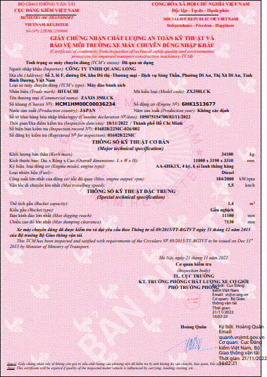 Mã sản phẩm: HCM1HM000000036234 Tình trạng: Còn hàng Thương hiệu: HITACHI- Nhãn hiệu: ZX350LCK
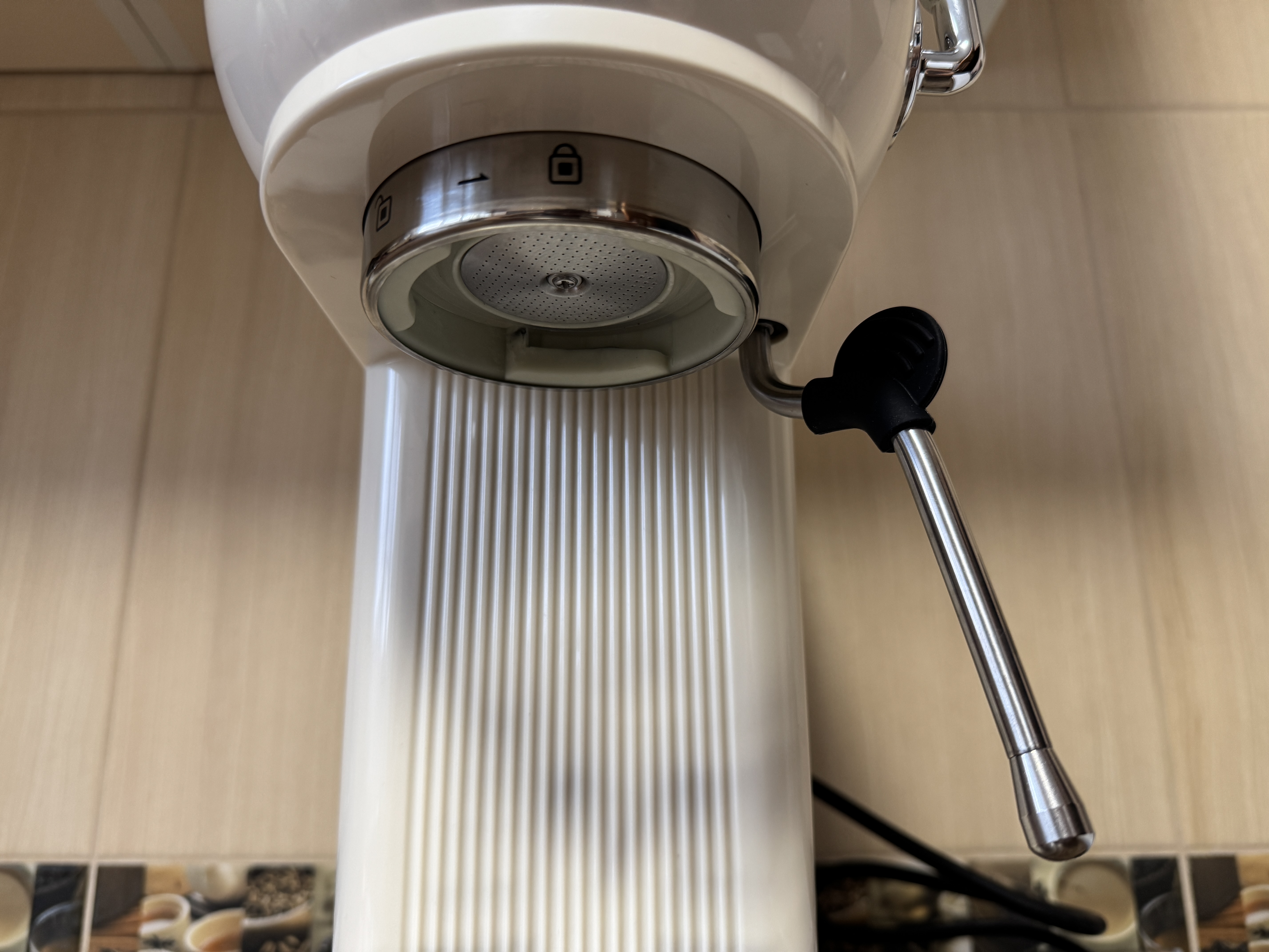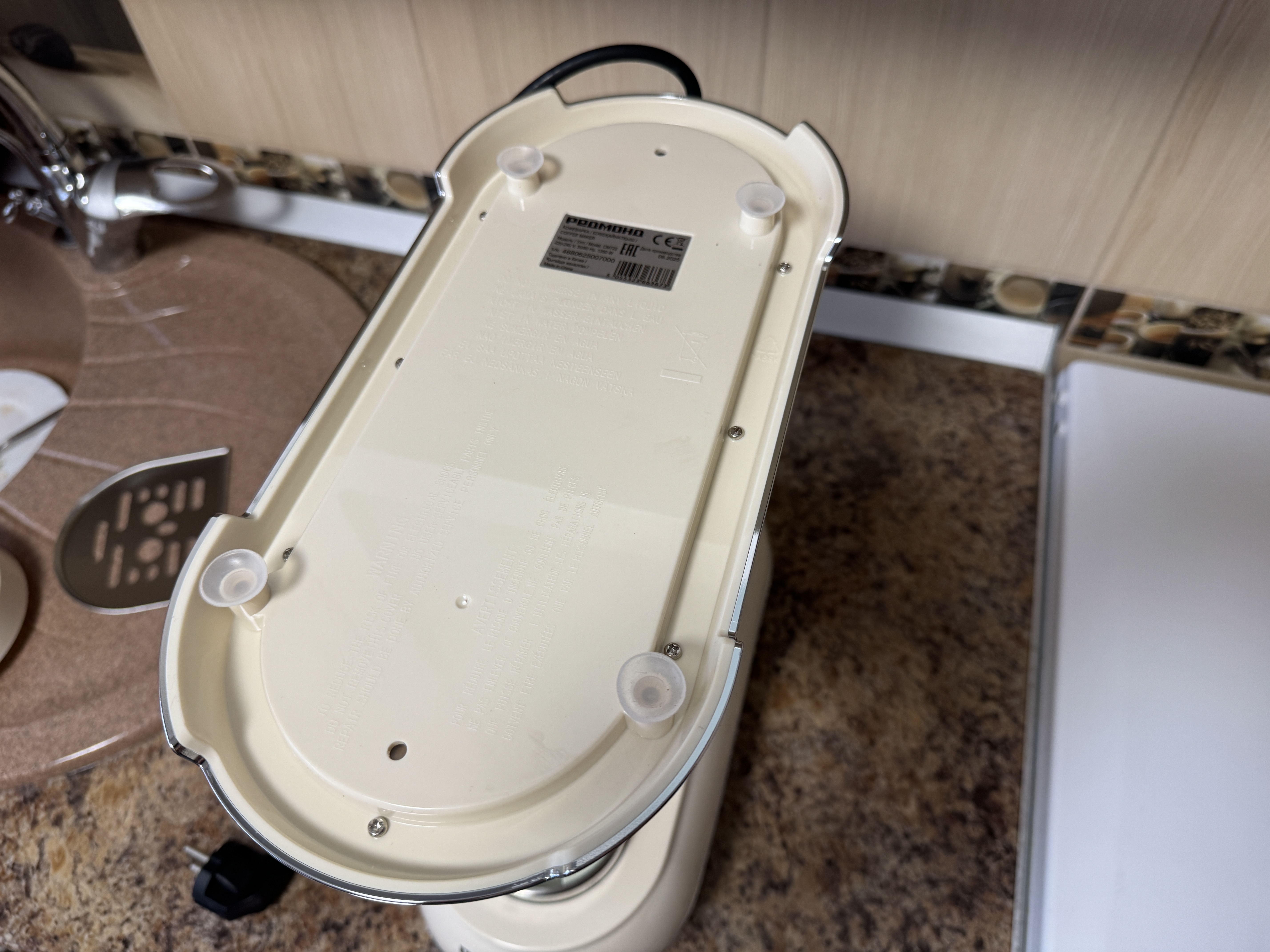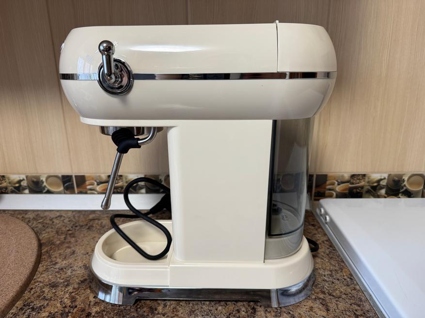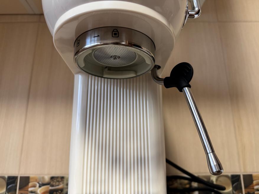 Компания РЕДМОНД выпустила новую линейку бытовых приборов в винтажном стиле, которые смогут подчеркнуть утонченность вашего интерьера кухни. Корпус кофеварки выполнен из пищевого пластика приятного бежевого цвета. Также корпус имеет металлические хромированные вставки, которые дополняют общий вид кофеварки. С левой стороны расположился ручной регулятор пара, благодаря которому можно выбрать интенсивность пара в момент взбивания молока в молочную пену. Для удобства на корпусе присутствует визуальная картинка, по которой удобно ориентироваться о следующих действиях. Устанавливается фильтродержатель в специально отведенное отверстие с пластиковыми замками. С боковой стороны расположилось металлическое устройство с соплом для подачи пара. На верхней части имеется резиновая петелька, за которую удобно перемещать горячую трубку после использования. Почти вся верхняя часть имеет рифленую металлическую панель, на которой можно разместить 2 чашки для предварительного нагрева. Устанавливается кофеварка на 4 резиновые ножки-присоски, которые отлично удерживают корпус на любой поверхности и не дают скользить.
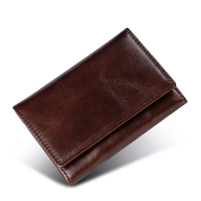 RFID Blocking Card Wallet Men Short Hasp Retro Oil Wax Leather Small Wallet
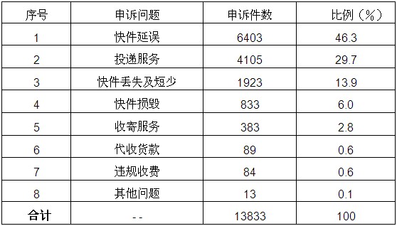 10月,受理消費(fèi)者關(guān)于快遞業(yè)務(wù)的有效申訴13833件。比上月減少174件,下降1.2%。其中,快件延誤6403件,占46.3%;投遞服務(wù)問題4105件,占29.7%;快件丟失及內(nèi)件短少1923件,占13.9%;快件損毀833件,占6%;收寄服務(wù)問題383件,占2.8%;代收貨款問題89件,占0.6%;違規(guī)收費(fèi)84件,占0.6%;其他問題13件,占0.1%。
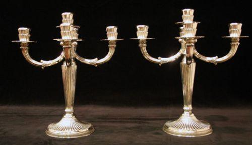 1 PAR KANDELABRAR, GODRONNERAD FOT OCH STAM, 4 SVÄNGDA LJUSARMAR, GUSTAVIANSK STIL, SPANSKT SILVER, H36
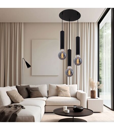 GLOBO LIGHTING Lampe suspendue lampe à suspension 3 flammes lampe de table à manger en bois lampe à suspension en grappe de salon, noir, 3x E27, DxH 35 x 160 cm
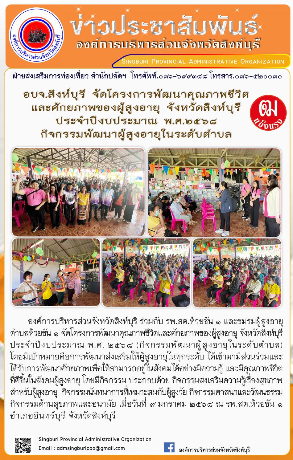 อบจ.สิงห์บุรี จัดโครงการพัฒนาคุณภาพชีวิตและศักยภาพผุ้สูงอายุจังหวัดสิงห์บุรี ประจำปีงบประมาณพ.ศ.2568 กิจกรรมพัฒนาผู้สูงอายุในระดับตำบล [9 มกราคม 2568]
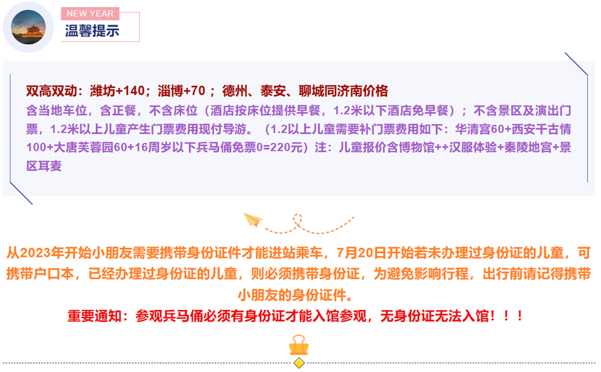 ![]() 行 程 特 色 2026 New Year 品质纯玩 山东独立成团,品质纯玩无购物,无任何强制自费! 世遗长安 秦始皇兵马俑博物馆、陕西历史博物馆,两大博物馆探秘千年历史! 精选住宿 全程入住国际品牌---希尔顿欢朋酒店,舒适睡眠,轻松出行! 风味美食 特色餐:关中坐席菜(餐标60)、同盛祥泡馍(餐标80)! 特色安排 1、被称为古都明珠,华夏宝库的瑰丽殿堂的【陕西历史博物馆】! 2、价值298元的史诗巨献表演【西安千古情】,沉浸式地感受一次穿越之旅! 3、新春大潮会---【大唐芙蓉园新春灯会】,开启新春长安游,花样精彩陪你大饱眼福! 4、游览【秦陵地宫】,使游客置身其中,身临其境,亲眼目睹秦陵“千古之迷”! 5、身着心仪的【汉服唐装】,改扮成盛唐才子佳人,去遇见千百年前的趣事和美好! 6、夜游【大唐不夜城】,灯火璀璨,光影中的仿古建筑流光溢彩,打卡网红盛唐密盒! 精选景点 西安、兵马俑、华清宫、西安千古情、秦陵地宫、钟鼓楼广场、回民小吃街、陕西历史博物馆·秦汉馆、大唐芙蓉园新春灯会、大雁塔广场、大唐不夜城、汉服体验 费用说明
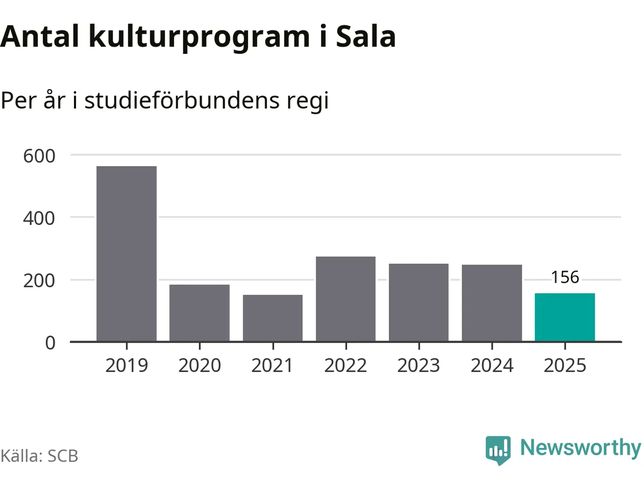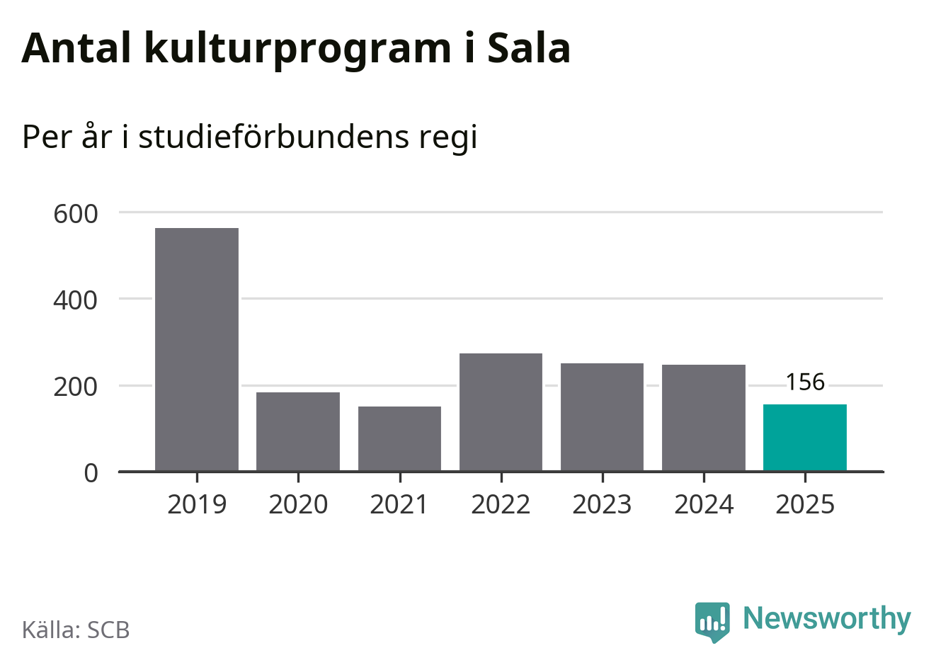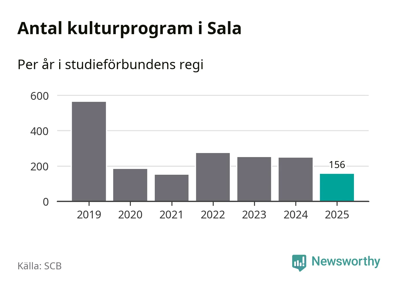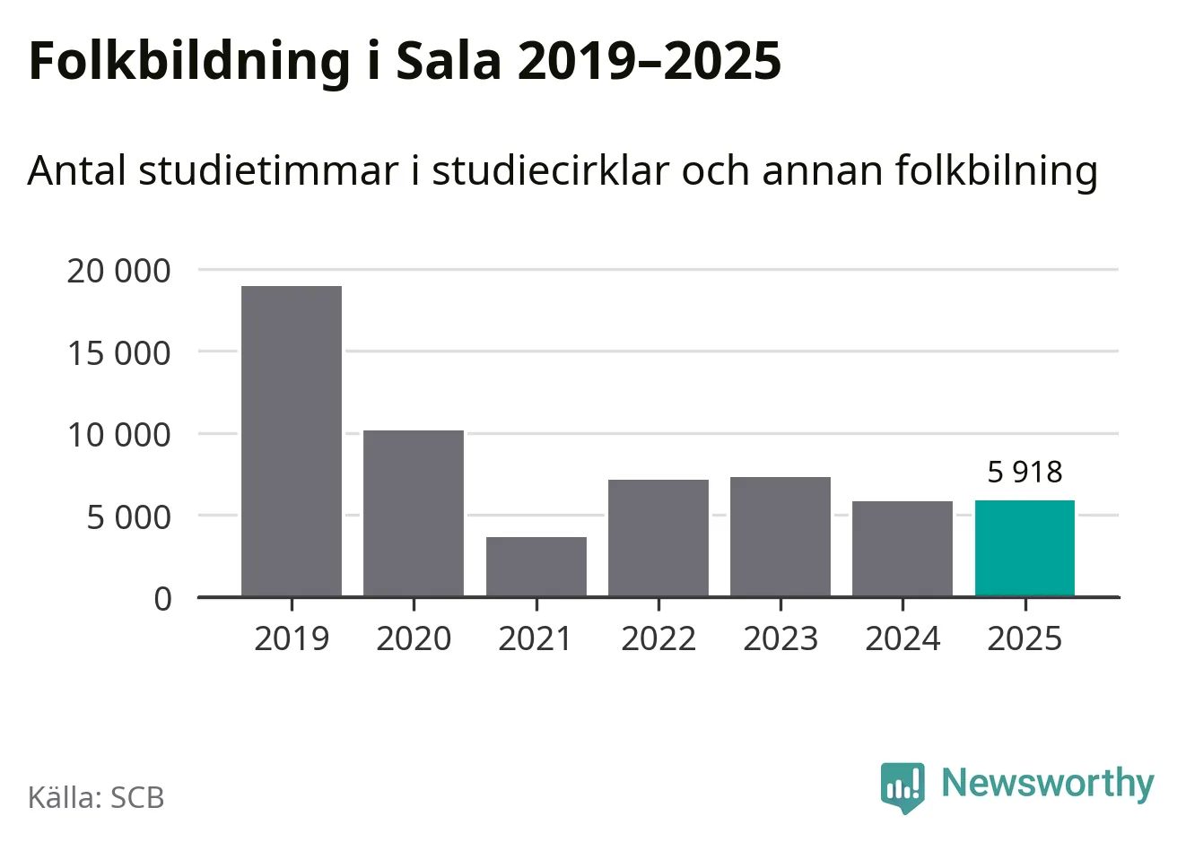 I Sala är antalet studietimmar ungefär lika många som året innan medan antalet kulturarrangemang i studieförbundens regi minskade.
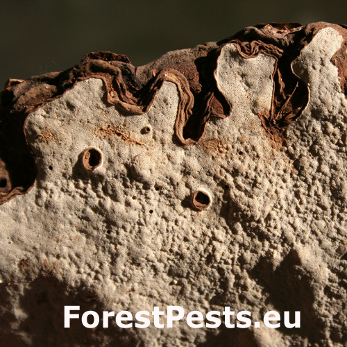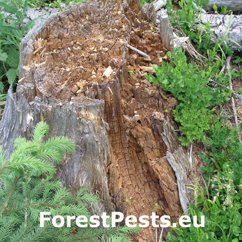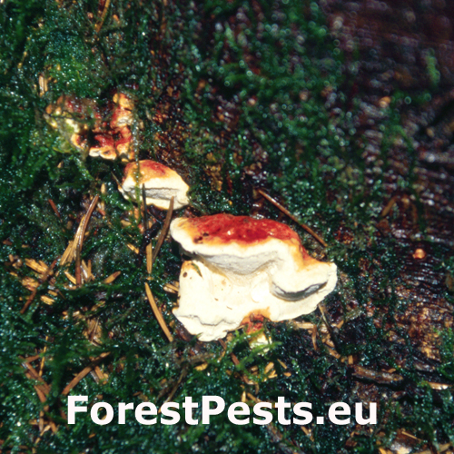 The fruiting bodies are annual or perennial and grow in summer and autumn on stumps and roots of living or dead trees. This fungus has two main methods of infection: 1. Trees can be infected by spores which are brought into wounds on roots and root swellings by air. The spores are also brought onto tree stumps which the fungus colonizes saprophytically. 2. Through the contact of healthy roots with infected ones, the mycelium overgrows directly from the infected to healthy roots. This fungus is one of the most dangerous pathogens in Europe, with a range of distribution from lowlands to mountain areas. The decaying heartwood is discoloured reddish-brown, decomposes in angular chunks and in later stages develops white mycelium pouches.
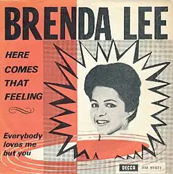 "Here Comes That Feeling" is a song written by Dorsey Burnette and Joe Osborn. It is best known as a hit for Brenda Lee.[1] In 1962, the song reached No.5 in the UK, No. 40 in Australia, and No.89 on the Billboard Hot 100.[2] In 2000, a recording of it by The Cockroaches was used in the soundtrack of the film The Crossing.
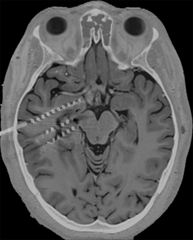 核磁共振和 CT 扫描结果显示,电极会刺激杏仁核(上)、海马体前部(中)和中部(下)

Assigned task
Once the pictures are set aside, copy the remaining text of every entry exactly.

Finished exercise
 Mã sản phẩm: HCM1HM000000036234 Tình trạng: Còn hàng Thương hiệu: HITACHI- Nhãn hiệu: ZX350LCK
 Компания РЕДМОНД выпустила новую линейку бытовых приборов в винтажном стиле, которые смогут подчеркнуть утонченность вашего интерьера кухни. Корпус кофеварки выполнен из пищевого пластика приятного бежевого цвета. Также корпус имеет металлические хромированные вставки, которые дополняют общий вид кофеварки. С левой стороны расположился ручной регулятор пара, благодаря которому можно выбрать интенсивность пара в момент взбивания молока в молочную пену. Для удобства на корпусе присутствует визуальная картинка, по которой удобно ориентироваться о следующих действиях. Устанавливается фильтродержатель в специально отведенное отверстие с пластиковыми замками. С боковой стороны расположилось металлическое устройство с соплом для подачи пара. На верхней части имеется резиновая петелька, за которую удобно перемещать горячую трубку после использования. Почти вся верхняя часть имеет рифленую металлическую панель, на которой можно разместить 2 чашки для предварительного нагрева. Устанавливается кофеварка на 4 резиновые ножки-присоски, которые отлично удерживают корпус на любой поверхности и не дают скользить.
 RFID Blocking Card Wallet Men Short Hasp Retro Oil Wax Leather Small Wallet
 10月,受理消費(fèi)者關(guān)于快遞業(yè)務(wù)的有效申訴13833件。比上月減少174件,下降1.2%。其中,快件延誤6403件,占46.3%;投遞服務(wù)問題4105件,占29.7%;快件丟失及內(nèi)件短少1923件,占13.9%;快件損毀833件,占6%;收寄服務(wù)問題383件,占2.8%;代收貨款問題89件,占0.6%;違規(guī)收費(fèi)84件,占0.6%;其他問題13件,占0.1%。
 1 PAR KANDELABRAR, GODRONNERAD FOT OCH STAM, 4 SVÄNGDA LJUSARMAR, GUSTAVIANSK STIL, SPANSKT SILVER, H36
 GLOBO LIGHTING Lampe suspendue lampe à suspension 3 flammes lampe de table à manger en bois lampe à suspension en grappe de salon, noir, 3x E27, DxH 35 x 160 cm
 อบจ.สิงห์บุรี จัดโครงการพัฒนาคุณภาพชีวิตและศักยภาพผุ้สูงอายุจังหวัดสิงห์บุรี ประจำปีงบประมาณพ.ศ.2568 กิจกรรมพัฒนาผู้สูงอายุในระดับตำบล [9 มกราคม 2568]
 ![]() 行 程 特 色 2026 New Year 品质纯玩 山东独立成团,品质纯玩无购物,无任何强制自费! 世遗长安 秦始皇兵马俑博物馆、陕西历史博物馆,两大博物馆探秘千年历史! 精选住宿 全程入住国际品牌---希尔顿欢朋酒店,舒适睡眠,轻松出行! 风味美食 特色餐:关中坐席菜(餐标60)、同盛祥泡馍(餐标80)! 特色安排 1、被称为古都明珠,华夏宝库的瑰丽殿堂的【陕西历史博物馆】! 2、价值298元的史诗巨献表演【西安千古情】,沉浸式地感受一次穿越之旅! 3、新春大潮会---【大唐芙蓉园新春灯会】,开启新春长安游,花样精彩陪你大饱眼福! 4、游览【秦陵地宫】,使游客置身其中,身临其境,亲眼目睹秦陵“千古之迷”! 5、身着心仪的【汉服唐装】,改扮成盛唐才子佳人,去遇见千百年前的趣事和美好! 6、夜游【大唐不夜城】,灯火璀璨,光影中的仿古建筑流光溢彩,打卡网红盛唐密盒! 精选景点 西安、兵马俑、华清宫、西安千古情、秦陵地宫、钟鼓楼广场、回民小吃街、陕西历史博物馆·秦汉馆、大唐芙蓉园新春灯会、大雁塔广场、大唐不夜城、汉服体验 费用说明
 I Sala är antalet studietimmar ungefär lika många som året innan medan antalet kulturarrangemang i studieförbundens regi minskade.
 The fruiting bodies are annual or perennial and grow in summer and autumn on stumps and roots of living or dead trees. This fungus has two main methods of infection: 1. Trees can be infected by spores which are brought into wounds on roots and root swellings by air. The spores are also brought onto tree stumps which the fungus colonizes saprophytically. 2. Through the contact of healthy roots with infected ones, the mycelium overgrows directly from the infected to healthy roots. This fungus is one of the most dangerous pathogens in Europe, with a range of distribution from lowlands to mountain areas. The decaying heartwood is discoloured reddish-brown, decomposes in angular chunks and in later stages develops white mycelium pouches.
 "Here Comes That Feeling" is a song written by Dorsey Burnette and Joe Osborn. It is best known as a hit for Brenda Lee.[1] In 1962, the song reached No.5 in the UK, No. 40 in Australia, and No.89 on the Billboard Hot 100.[2] In 2000, a recording of it by The Cockroaches was used in the soundtrack of the film The Crossing.
 核磁共振和 CT 扫描结果显示,电极会刺激杏仁核(上)、海马体前部(中)和中部(下)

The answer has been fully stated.